The downsides are, however, that (1) the kinds of detectable defects are limited, and (2) the more sophisticated analyses are expensive (also in terms of costs and in terms of analysis complexity and time). A decent check for problems like null pointers or buffer overflow may require very deep analysis (like model checking) which unfortunately is usually very complex making it unsuitable for larger and more complex systems under test. There are of course solutions to check for the absence of specific more complex problems but they usually set a very narrow scope of analysis (in terms of program size and language features). Furthermore, many very important test objectives simply cannot be achieved by purely static analysis. These include: load testing, user interface testing, most parts of integration and system testing and, in general, final user acceptance testing or validation of the delivered systems and documents.
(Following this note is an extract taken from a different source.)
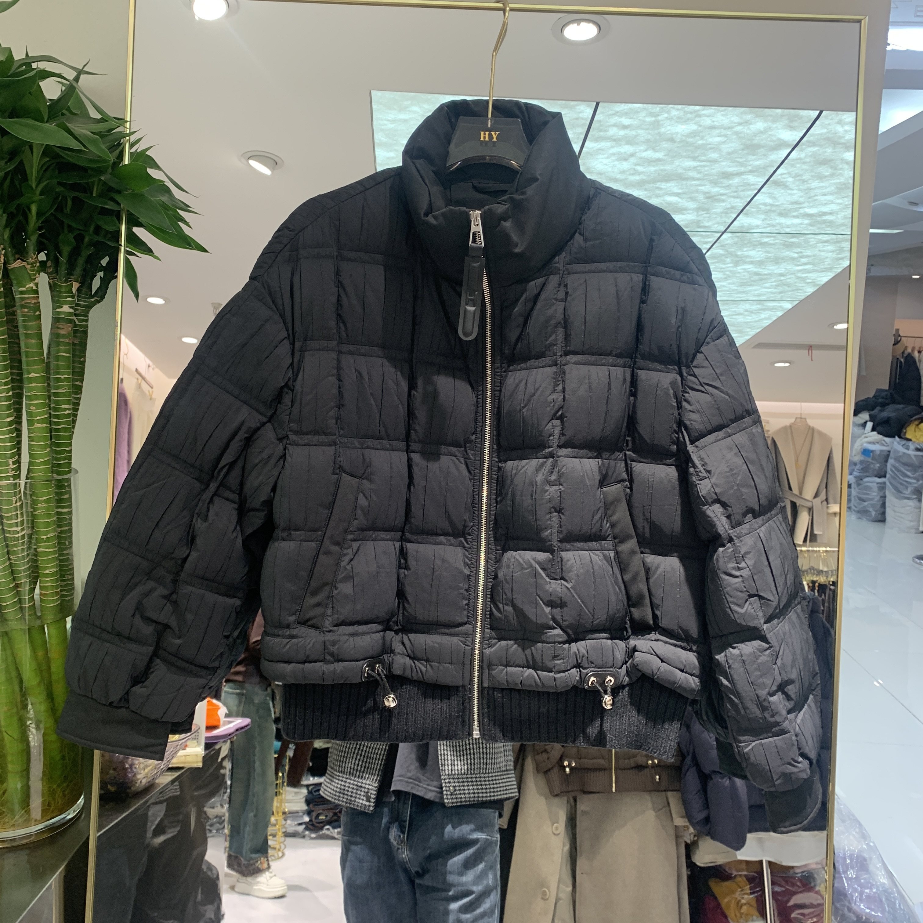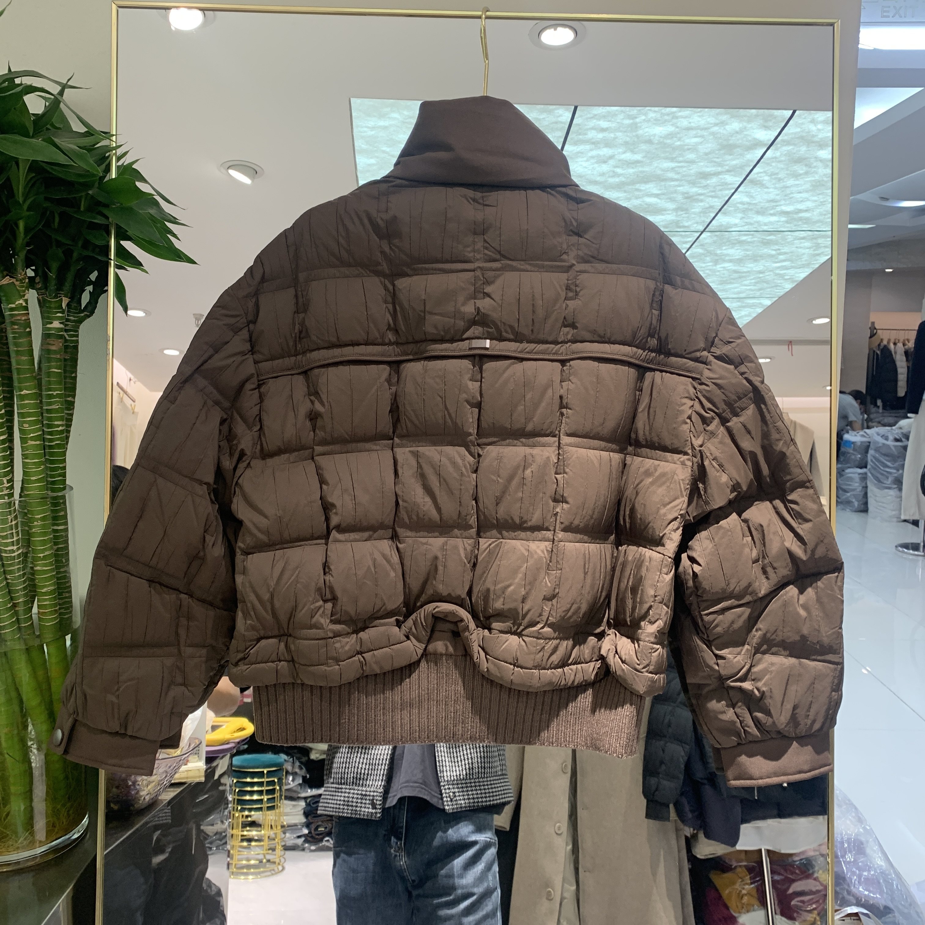 欧洲站2025冬季新款立领针织拼接下摆时尚宽松保暖短款鹅绒服外套

So the final word is that static analysis can help reduce the verification costs and can even provide further benefits for software quality control, but one must find the most appropriate places of static analysis in his/her process keeping in mind that every project is unique, so no universal set of techniques or tools is available but customization and adaptation is always required. In practice, it is a good idea to see static analysis as an integral part of testing (or more generally software quality) efforts. Testing practitioners and respected software quality managers give the following very practical advice:
- The first priority should always be the application of functional testing as it is closest to the final validation by the customer of the system.
- Functional testing can be augmented with different white box techniques to ensure its effectiveness, like measuring and controlling code coverage.
- According to risk-based priority static techniques can come after the above, but from practical point of view they can be started right at the beginning and can be used throughout the software life cycle, since usually they are cheap compared to the benefits they can provide.
The proverb "quality is free" (coined by Phil Crosby) is not new, but it especially fits to the place of static analysis within software quality. If we find defects and other problems early their fixation is cheap compared to finding them in later phases so, overall, investing in static analysis tools, methods and process restructuring will return in most cases.